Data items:
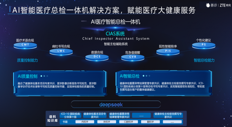 而善诊与中兴研发的AI智能总检一体机直面痛点,基于DeepSeek大模型开发,可以自动完成报告质量控制、阳性体征提取及总检报告撰写工作,包含异常信息的精确筛选与个性化医学建议生成,从而让医生专注于核心医疗决策以及与患者的有效沟通。
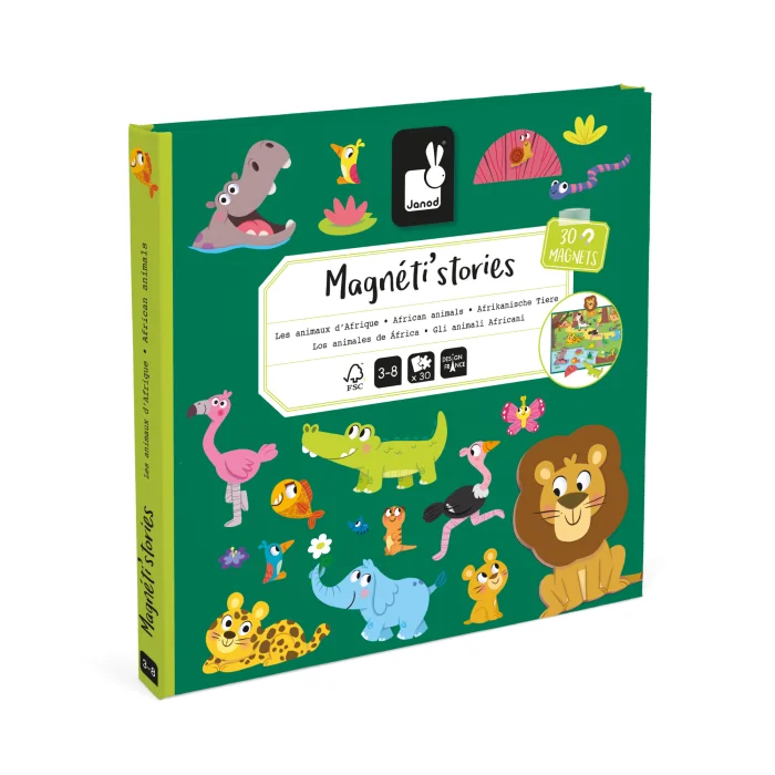 Ova izvanredna igra otvara vrata neograničenom kreativnom izričaju dječje mašte. Sastavljena od 30 čarobnih magneta i prekrasno ilustrirane ploče, ova magnetna igra omogućuje mališanima da stvore vlastite avanture u srcu afričkog rezervata.
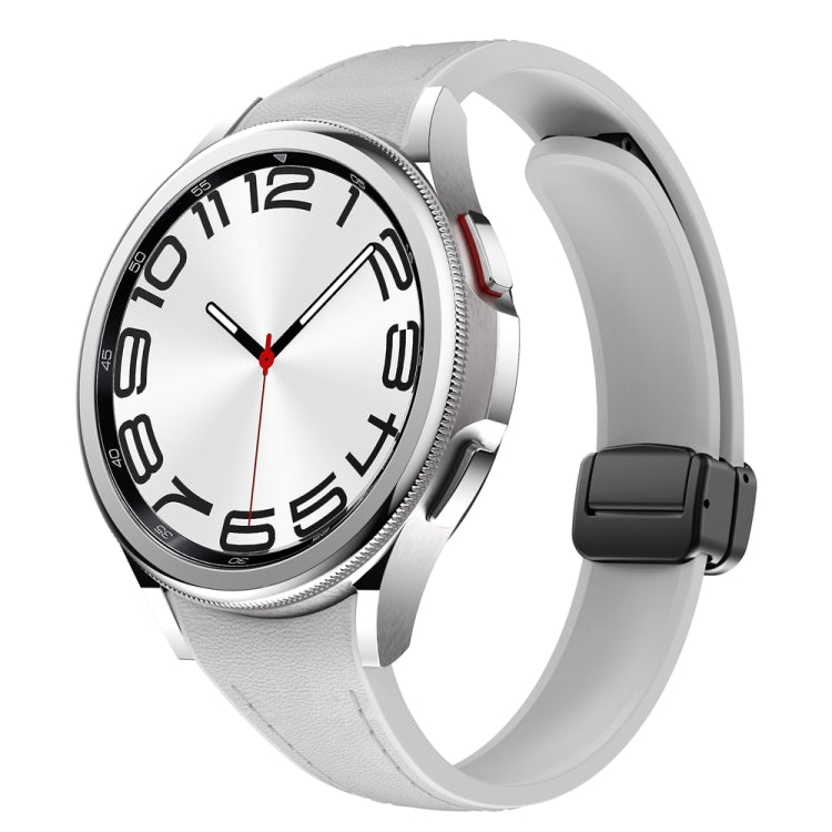 Correa de silicona y cuero para Samsung Galaxy Watch 6 con hebilla magnética delgada (Gris Claro)
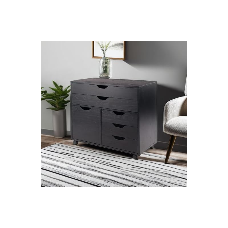 The Winsome Halifax 3-Section Mobile Storage Cabinet is ideal for all of your storage needs. With its clean, simple design, you can use it anywhere. It's the perfect organizer for your knitting, sewing, or craft supplies. Rejuvenate your garage space, mud room, or shed while providing much needed space to keep tools or sports gear organized. Or use it in a walk-in closet to expand your storage for clothing, linens, handbags and other accessories. This Halifax Cabinet features five gliding drawers with cut-out handles for easy access. The large drawers have interior dimensions of 27.5"W x 11.7"D x 2.56"H, just the place for artwork, maps, or clothing items you'd prefer to store flat and lengthwise. Three smaller drawers with interior dimensions of 13.2"W x 11.7"D x 2.5"H provide additional storage space, and taller items such as boots or backpacks can be kept in the side cabinet. The unit has five wheels, two of which lock, for easy mobility as well as a way to keep it securely in place. The Cabinet is made of sturdy composite wood in a contemporary black finish that will blend with any decor. For additional storage, combine the 3-Section Cabinet with other organizers from the Winsome Halifax collection. This item conveniently ships in 1 box and is ready for assembly. Replacement part request can be submitted directly to the manufacturer within 60 days from date of purchase. Overall dimensions: 26.3"H x 30.7"W x 15.9"D Static weight capacity for top is 35 lbs. Large drawer inside dimension: 27.5"W x 11.7"D x 2.5"H - static weight capacity large drawer is 15 lbs. Small drawer inside dimensions: 13.2"W x 11.7"D x 2.5"H - static weight capacity small drawer is 12 lbs. Cabinet inside dimensions: 13.7"W x 14.7"D x 13.6"H - static weight capacity for cabinet is 25 lbs. 5 wheels, two of which lock Assembly required Ships in 1 box
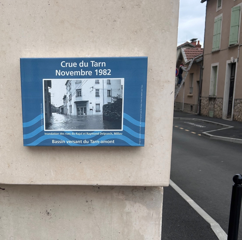 Le projet vise à installer des « repères de crues photos » des événements exceptionnels ayant eu lieu sur le territoire, comme la crue de 2014. En installant ces photos imprimées sur plaque émaillée, à l’endroit où la prise de vue a été réalisée (voir l’exemple ci-contre dans une rue de Millau).
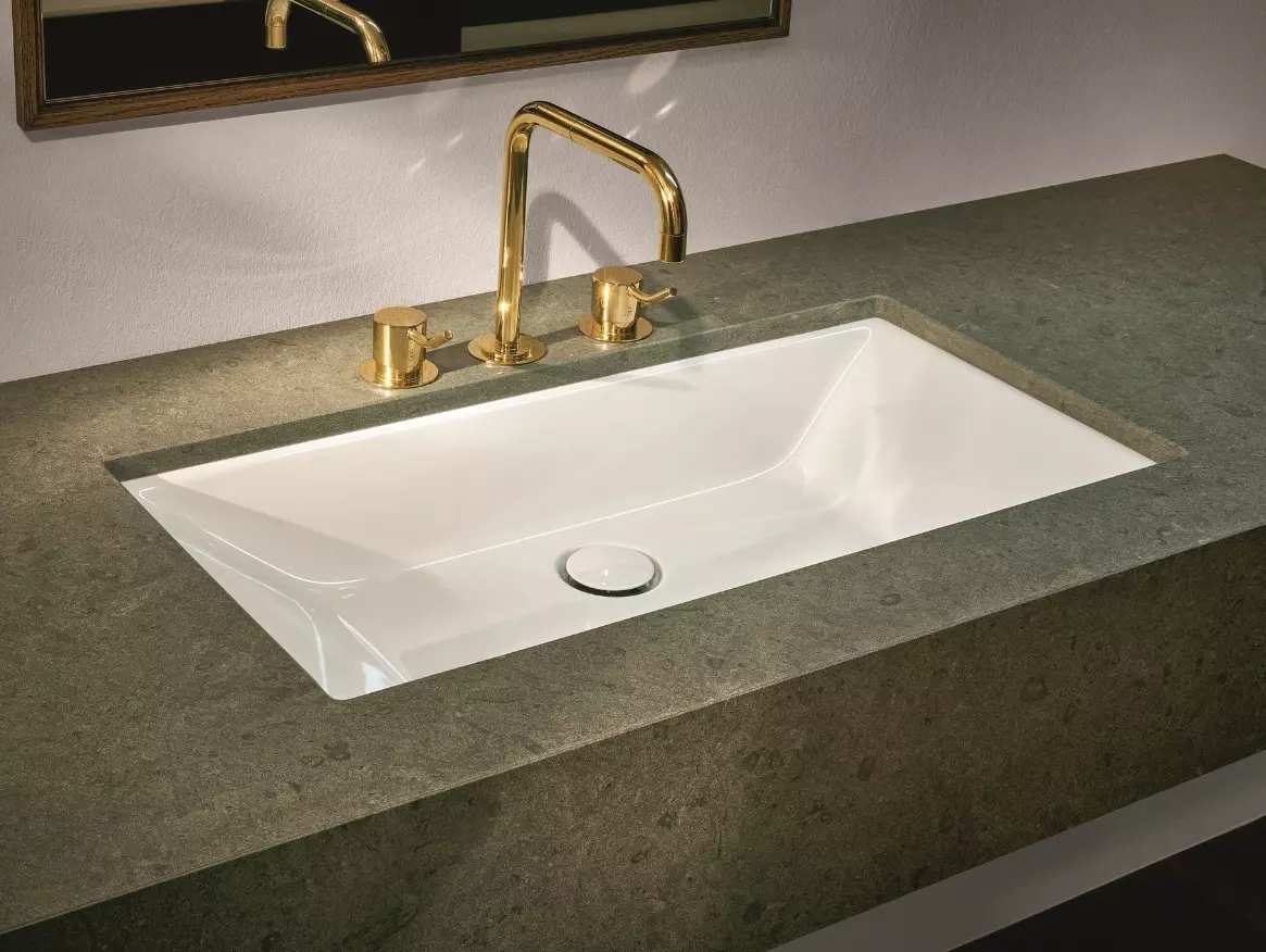 The BetteLoft undermount washbasin is ideal for combining the excellent optical and functional properties of glazed titanium steel with console surfaces in materials such as marble, natural stone or glass. The strictly geometric basin shape consisting of four conically tapered areas is characteristic of the BetteLoft line. Baths and washbasins are available in several versions and formats in the same design that can be teamed with Bette shower areas.
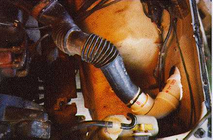 For the moment I used a wire tie to hold it together. The original intake tube was located between the radiator and radiator overflow resivior.

> ASSIGNMENT
No picture should be included when the data are set down again exactly.

> OUTPUT OF THE EXERCISE
 而善诊与中兴研发的AI智能总检一体机直面痛点,基于DeepSeek大模型开发,可以自动完成报告质量控制、阳性体征提取及总检报告撰写工作,包含异常信息的精确筛选与个性化医学建议生成,从而让医生专注于核心医疗决策以及与患者的有效沟通。
 Ova izvanredna igra otvara vrata neograničenom kreativnom izričaju dječje mašte. Sastavljena od 30 čarobnih magneta i prekrasno ilustrirane ploče, ova magnetna igra omogućuje mališanima da stvore vlastite avanture u srcu afričkog rezervata.
 Correa de silicona y cuero para Samsung Galaxy Watch 6 con hebilla magnética delgada (Gris Claro)
 The Winsome Halifax 3-Section Mobile Storage Cabinet is ideal for all of your storage needs. With its clean, simple design, you can use it anywhere. It's the perfect organizer for your knitting, sewing, or craft supplies. Rejuvenate your garage space, mud room, or shed while providing much needed space to keep tools or sports gear organized. Or use it in a walk-in closet to expand your storage for clothing, linens, handbags and other accessories. This Halifax Cabinet features five gliding drawers with cut-out handles for easy access. The large drawers have interior dimensions of 27.5"W x 11.7"D x 2.56"H, just the place for artwork, maps, or clothing items you'd prefer to store flat and lengthwise. Three smaller drawers with interior dimensions of 13.2"W x 11.7"D x 2.5"H provide additional storage space, and taller items such as boots or backpacks can be kept in the side cabinet. The unit has five wheels, two of which lock, for easy mobility as well as a way to keep it securely in place. The Cabinet is made of sturdy composite wood in a contemporary black finish that will blend with any decor. For additional storage, combine the 3-Section Cabinet with other organizers from the Winsome Halifax collection. This item conveniently ships in 1 box and is ready for assembly. Replacement part request can be submitted directly to the manufacturer within 60 days from date of purchase. Overall dimensions: 26.3"H x 30.7"W x 15.9"D Static weight capacity for top is 35 lbs. Large drawer inside dimension: 27.5"W x 11.7"D x 2.5"H - static weight capacity large drawer is 15 lbs. Small drawer inside dimensions: 13.2"W x 11.7"D x 2.5"H - static weight capacity small drawer is 12 lbs. Cabinet inside dimensions: 13.7"W x 14.7"D x 13.6"H - static weight capacity for cabinet is 25 lbs. 5 wheels, two of which lock Assembly required Ships in 1 box
 Le projet vise à installer des « repères de crues photos » des événements exceptionnels ayant eu lieu sur le territoire, comme la crue de 2014. En installant ces photos imprimées sur plaque émaillée, à l’endroit où la prise de vue a été réalisée (voir l’exemple ci-contre dans une rue de Millau).
 The BetteLoft undermount washbasin is ideal for combining the excellent optical and functional properties of glazed titanium steel with console surfaces in materials such as marble, natural stone or glass. The strictly geometric basin shape consisting of four conically tapered areas is characteristic of the BetteLoft line. Baths and washbasins are available in several versions and formats in the same design that can be teamed with Bette shower areas.
 For the moment I used a wire tie to hold it together. The original intake tube was located between the radiator and radiator overflow resivior.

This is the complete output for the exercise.